Seis milhões de trabalhadores brasileiros encontram-se expostos ao pó de sílica e correm o risco de adoecer ou morrer.

A informação, aparentemente trágica, é do diretor do Programa Nacional de Eliminação da Silicose, Zuher Haudar. “A exposição à sílica no país é ainda muito freqüente e se não for energicamente combatida levará à morte centenas de trabalhadores”. A preocupação dos especialistas, assim como de Zuher, justifica-se em razão da silicose, uma doença que afeta os pulmões dos expostos às poeiras e que em sua forma grave, leva à fibrose e ao câncer pulmonar.

ATIVIDADES PERIGOSAS

Atividades como;
■ construção civil, a mineração, o garimpo, a transformação de minerais,
■ metalurgia, a indústria química e
■ fabricação de cerâmicas e de vidros
são as que mais expõem os trabalhadores às poeiras que contêm a sílica, portanto, são as recordistas de casos de silicose no Brasil.

FALTA DE DADOS NO PAÍS

Há poucos dados sobre o tema no país.

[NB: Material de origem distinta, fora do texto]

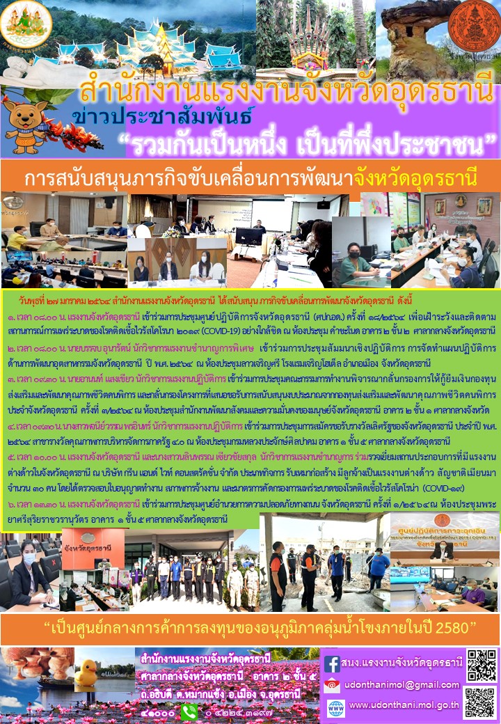 สำนักงานแรงงานจังหวัดอุดรธานี การสนับสนุนภารกิจขับเคลื่อนการพัฒนาจังหวัดอุดรธานี

Apesar disso, é possível verificar, entre os raros existentes, que prevalece a silicose em certas atividades  industriais, como;
■ indústria naval (23%);
■ cavação de poços (17,4%);
■ fabricação de cerâmicas (3,9%) e o
■ beneficiamento em pedreiras (3,0%), é alta.

Os especialistas advertem que os índices diferem conforme a quantidade e o tempo de exposição dos trabalhadores à sílica. Em levantamento publicado pelo Ministério da Saúde,em 1997, registraram-se, por exemplo, 7.416 casos de silicose provenientes apenas da mineração do ouro no estado de Minas Gerais. Destes, 4.500 casos eram de apenas uma região, Nova Lima.

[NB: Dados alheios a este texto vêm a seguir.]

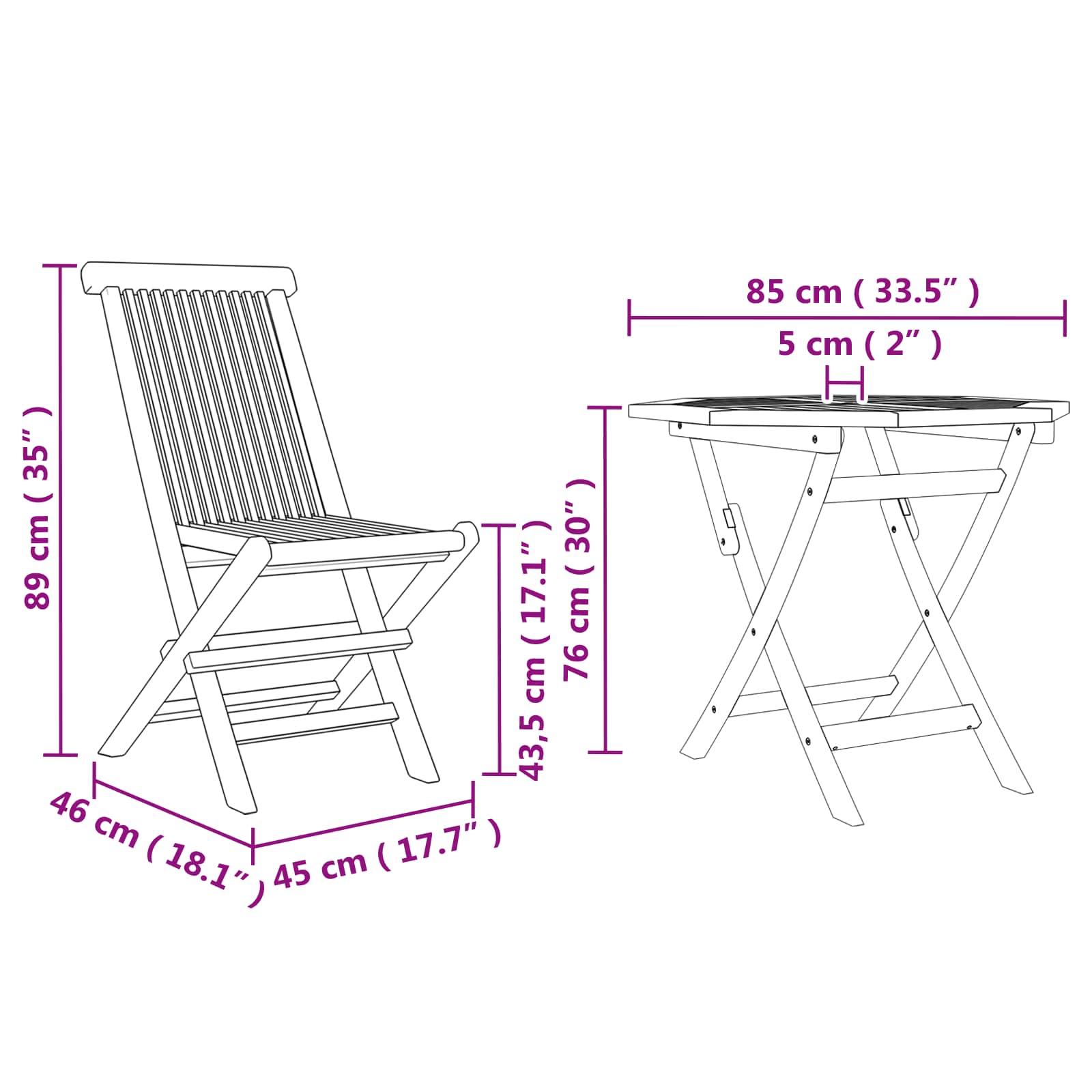 3-osainen kokoontaittuva bistro-setti kestävästä teak-puusta

RISCO OCULTO – EXPOSIÇÃO INDIRETA

Mesmo para aqueles que não estão envolvidos diretamente nas atividades, todo cuidado é pouco. Atividades aparentemente inofensivas, como realizadas;
■ na agricultura  (arar, mover terra);
■ na construção civil (talhar, perfurar, cortar,moer, demolir, varrer a seco);
■ na confecção de próteses dentárias (polimento com jato de areia) ou
■ em borracharia (limpar pneus e chão com ar comprimido)
também envolvem risco, às vezes não apenas para os trabalhadores, mas também para aqueles que convivem próximos a elas.

MARMORARIAS

Um exemplo considerado grave pelos especialistas, é a presença de marmorarias em centros urbanos.O representante do Sindicato da Indústria de Mármores e Granitos (Simagran), do estado de São Paulo, Miguel Tarcísio Servignani, expôs sua preocupação sobre a questão ao afirmar que “apenas na cidade de São Paulo existem cerca de 10 mil marmorarias, muitas delas verdadeiras fábricas de pó”. Segundo Servignani, há um esforço do sindicato em alertar os proprietários de  marmorarias, alguns dos quais já se conscientizaram do perigo e tomaram as precauções necessárias. Mas esta não é regra geral, a prova está em que “na cidade de São Paulo há casos de silicose, não apenas entre empregados, mas também entre proprietários de marmorarias”.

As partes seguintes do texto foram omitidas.